If you want to get book pregnant—there is no delicate way to put this—you have to DO IT. You know . . . query agents (what did you think I meant?).
Not a romantic task, granted. Query letter composition is unlikely to leave one creatively satiated in the way that writing an 80,000 word novel will. To torture the sexual innuendo a little further—writing a query is a highly technical and clinical business, like the type of fertility-driven sex that has people taking their temperatures, or leaving specimens in cups.
It’s enough to put a would-be-pregnant author out of the writing mood.
As a result, many writers bog down at the query letter composition stage. I know someone who has been thinking about querying and working on a query letter for more than a year. I am NOT making that up. Yes a query letter is a vital sales document and a badly written one may leave you without the requests for partials and fulls that are necessary preludes to a positive pregnancy test. And yes writing a good query is not easy (if it were there wouldn’t be hundreds if not thousands of articles and blog posts offering advice on how to compose one). BUT should it really take months and drafts in the double-digits?
No. To be a little more adamant, NO, NO, NO. Do NOT let writing your query becomes a Sisyphean struggle (you remember, the guy who had to push the big rock up the hill over and over), because a perfect query letter is NOT an end in itself. It’s a tool. And tools need to be USED to get a job done. At some point the incremental improvements you are making as you revise your letter for the umpteenth time are NOT worth the time or the agony. More than this, an over-edited letter can lose voice.
Picking through the query critique forum at Agent Query Connect (my favorite on-line community for the aspiring writer) it’s pretty easy to find threads with ten, twenty, even thirty versions of a single query. Such treads make me want to scream “GET ON WITH IT! SEND THE DARN THING.” But that kind of verbiage in a critique threads would hardly be appropriate. So I am saying it here. Just DO it. Stop painting the nursery and query.

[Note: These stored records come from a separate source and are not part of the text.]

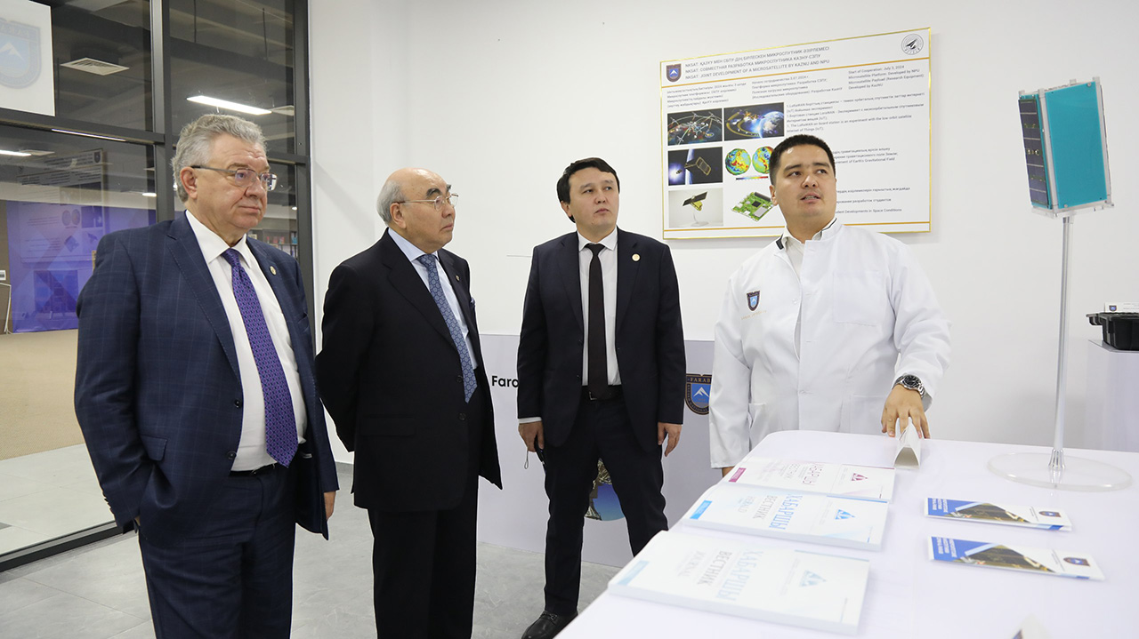 Университетке жұмыс сапары барысында Андрей Рудской мен Асқар Ақаевқа ҚазҰУ зерттеушілері әзірлеген «Al-Farabi 2» наноспутнигі көрсетілді. Әл-Фараби атындағы ҚазҰУ – отандық жоғары оқу орындары арасында өзінің наноспутнигін іске асырған алғашқы оқу орны. Құрметті қонақтарға Қытайдың Солтүстік-батыс политехникалық университетімен бірлесіп дайындалып жатқан микроспутниктің макеті көрсетілді. Ортақ жұмыс нәтижесінде қос жоғары оқу орны 2026 жылы ғарышқа микроспутник ұшыруды көздеп отыр.
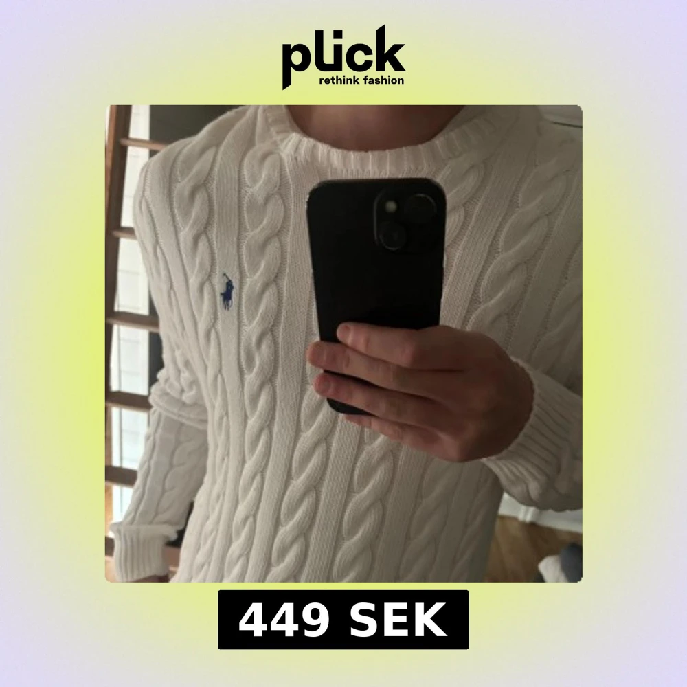 Vit kabelstickad tröja från Polo Ralph Lauren. Tröjan har rund halsringning, ribbade muddar och är långärmad. Perfekt för hösten! Köpt ifrån Åhléns Sthlm, för 2395kr. Utmärkt skick - använd endast nån gång då den ej passar mig riktigt! Kvitto finns via Kivra om önskas.
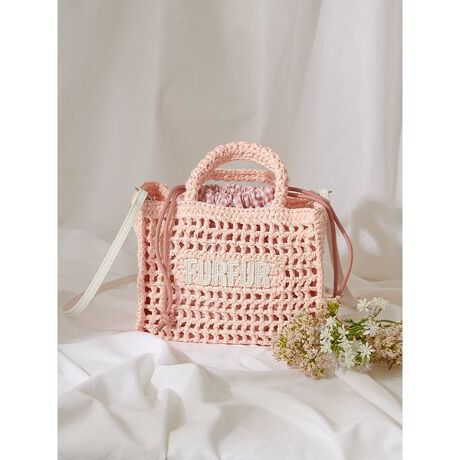 毎年人気のラフィアトートバッグを大幅アップデートし、今回は1つ1つ手編みで作成。クラフト感を残した表現に拘り、合皮を文字の形にくり抜いてブランドロゴを落とし込みました。サイドのスナップ釦で形を変えて楽しめるのも嬉しいポイント。例年とはイメージを変えた配色で、限定色も含めた11色展開で登場。種類豊富なブローチやチャームをつけてあなただけのオリジナルバッグに。
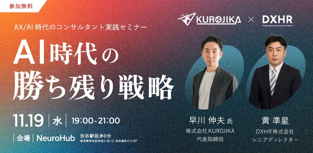 株式会社KUROJIKA(代表取締役 早川伸夫)は、DXHR株式会社(シニアディレクター 黄準星氏)との共催により、
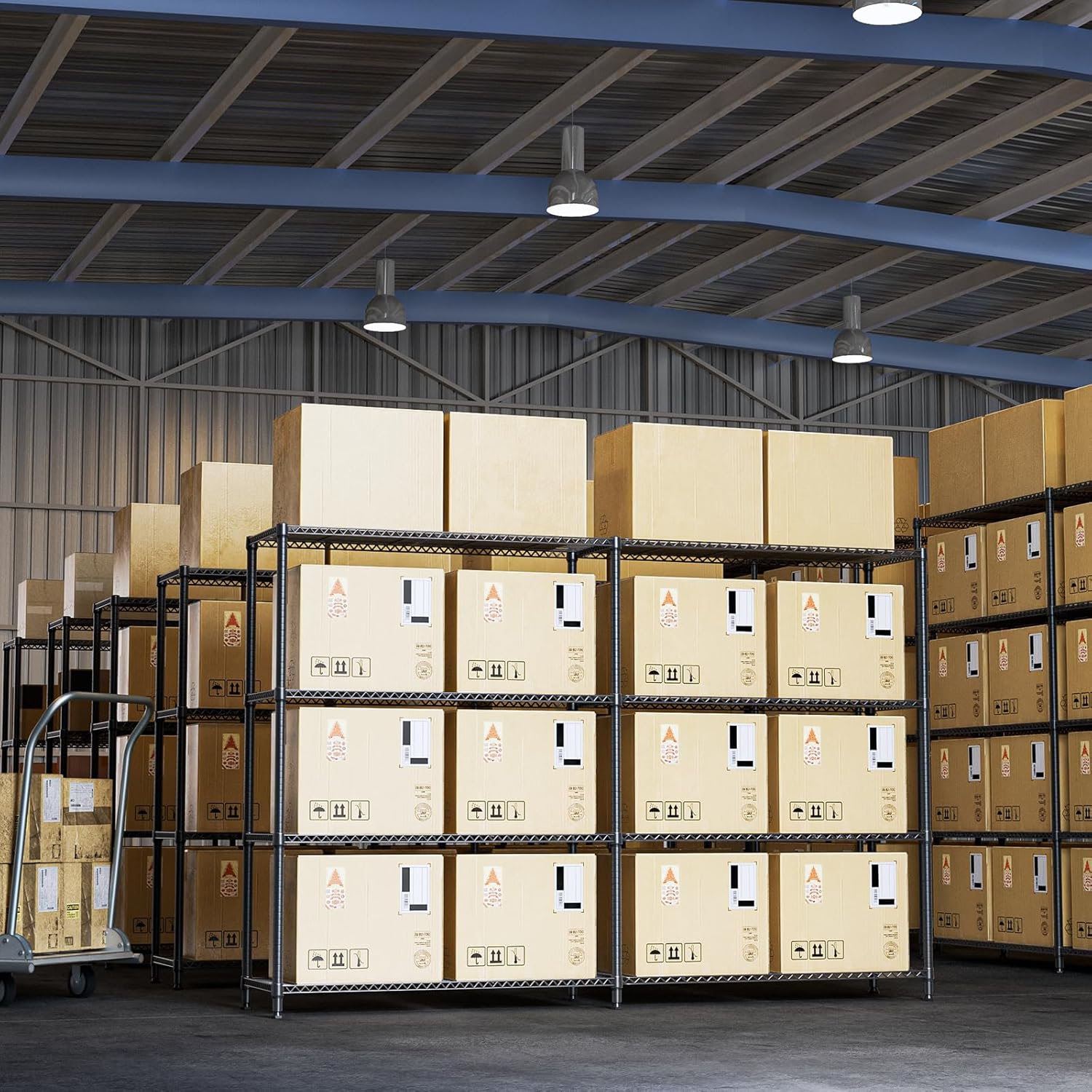 IZEUK 1147 LBS Garage Shelving Wide Storage Shelves Metal Shelves Heavy Duty Adjustable Utility Shelf Rack (Black, 4 Tiers, 15.7" D x 33.5" W x 59.5" H)
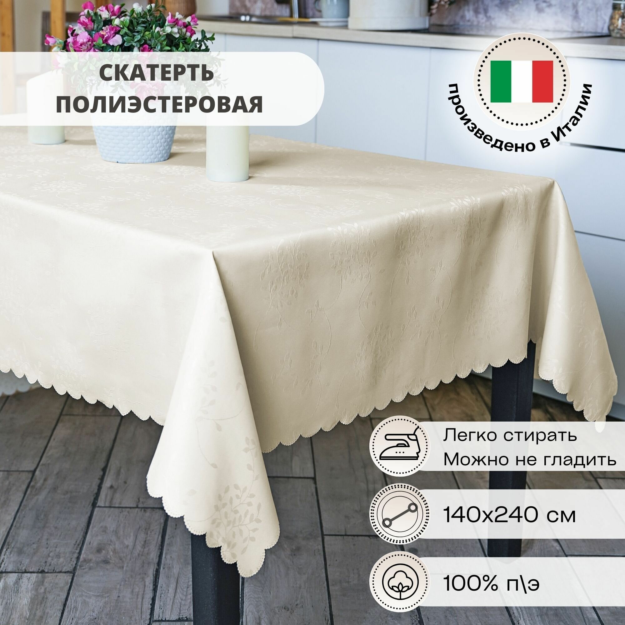 Скатерть на стол 140х240 см Grand Textil. Скатерть подойдет на случай праздника, дружеского застолья или повседневного использования. Коллекция товаров для дома итальянского бренда выполнена в разнообразной цветовой гамме, что позвляет подобрать скатерть прямоугольную именно под ваш декор для дома. / Скатерть тканевая на стол выполнена из качественного, плотного материала. Состав: 100% полиэстер. Скатерти из полиэстера нового поколения легко отстирываются от загрязнений любой сложности, быстро сохнут, не мнутся, не линяют, не теряют цвет, сохраняя первоначльный вид на многие годы. Скатерти при необходимости можно стирать в машинке при температуре до 30° С. / Скатерть для стола - это необходимый аксессур для дома и кухни. В нашем каталоге большой выбор скатертей на стол тканевых: скатерть белая; скатерть праздничная для кухни с яркими и сочными принтами; скатерть на стол прямоугольная в теплых бежевых и молочных тонах; скатерть однотонная, которую можно дополнить дорожкой на стол.
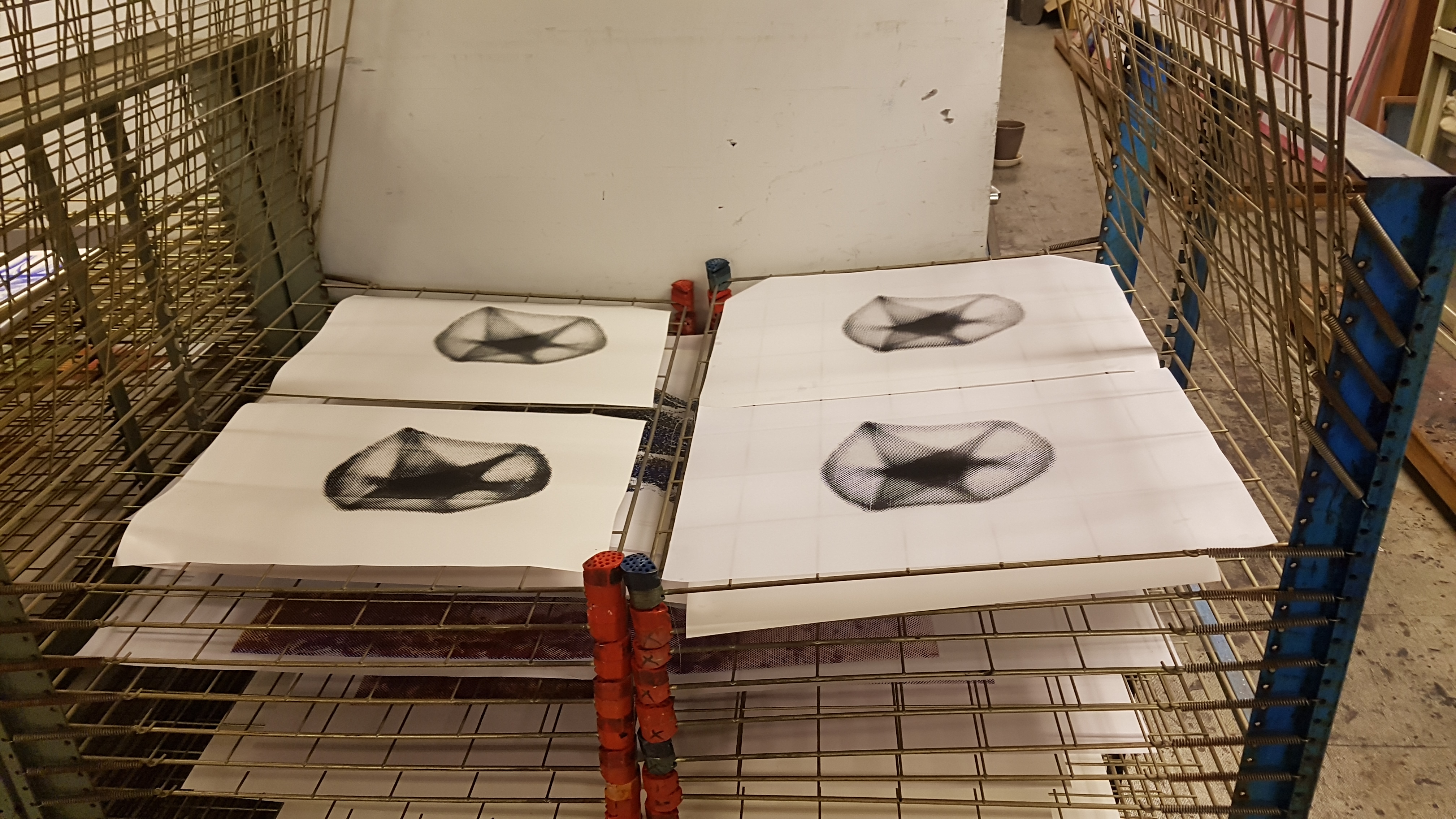 PaTI 한배곳2_판화_'소행성 M61816204'wallo-b (47)in #pati • 7 years ago 저번 학기 단편영화 수업에서 주제로 삼았던 소행성을 판화라는 기법으로 다시 한번 현실세계로 가지고 왔다. 이 작업이 판화여야만 하는 이유는 뭔지, 판화이기 때문에 가능한 것은 무엇인지에 대해 계속 생각하면서 여러가지 방법들을 시도해보았다. 이 수업을 한 줄로 요약하자면 '형식의 제한이 가져다 주는 사고의 확장' 쯤으로 표현할 수 있겠다. #kr-design #kr-artwork #silkscreen #kr-art
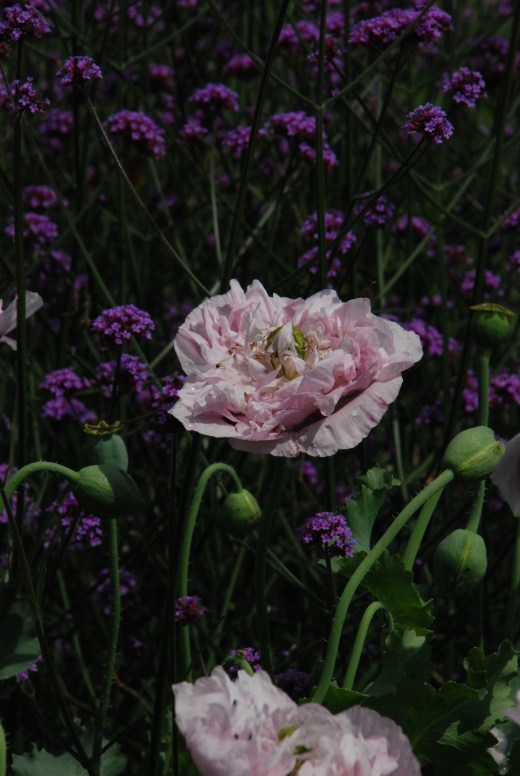 I confess that I have yet to be seduced by the opium poppy. It is a rather coarse plant and though the large, blue-green leaves are attractive and the plants bold, growing to 1m high in rich soil, the flowers are fleeting and there are not that many on each plant. Deadheading will prolong the flowering season but you will only get a month of flowers on a plant. And although the first, terminal flowers are huge, later flowers get increasingly smaller. Of course, flowers are not everything and the large seedpods, which are, in the kinds that are full of alkaloids, the source of opium, are attractive too. The kinds that are grown in gardens are not, mercifully, rich in opium and the breadseed poppy is the same species.
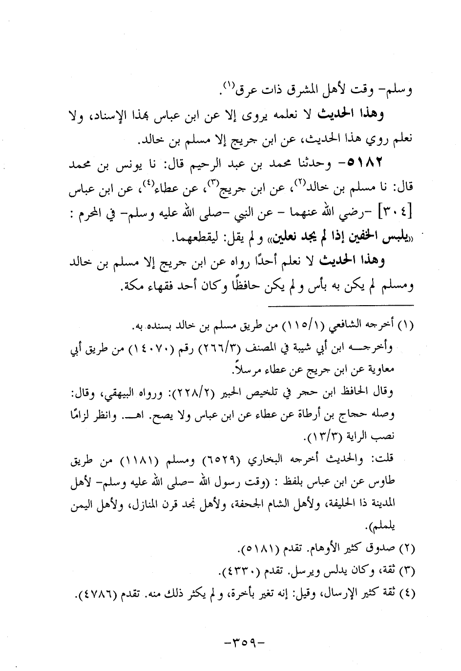 5182- وحَدَّثنا مُحَمد بن عَبد الرحيم، قَال: حَدَّثنا يونس بن مُحَمد، قَال: حَدَّثنا مُسْلِمُ بْنُ خَالِدٍ، عَن ابْنِ جُرَيج، عَن عَطَاءٍ، عَنِ ابْنِ عَبَّاسٍ، رَضِي اللَّهُ عَنْهُمَا، عَنِ النَّبِيّ صَلَّى اللَّهُ عَلَيه وَسَلَّم فِي الْمُحَرَّمِ يَلْبَسُ الْخُفَّيْنِ إِذَا لَمْ يَجِدْ نَعْلَيْنِ وَلَمْ يَقُلْ: لِيَقْطَعْهُمَا.

I am not saying send your first draft. I am not saying don’t seek critique. I am saying all things in moderation. How many drafts of my letter did I do—maybe four. How many people did I show it to before it went out? Five (and two of them weren’t even writers). Did it work? More than uncommonly well (I had a very high request rate, snagged an agent I adore and now have a published novel). Could my letter have been better? Sure. But if I were still working on polishing it, then my book baby wouldn’t be nearly six months old!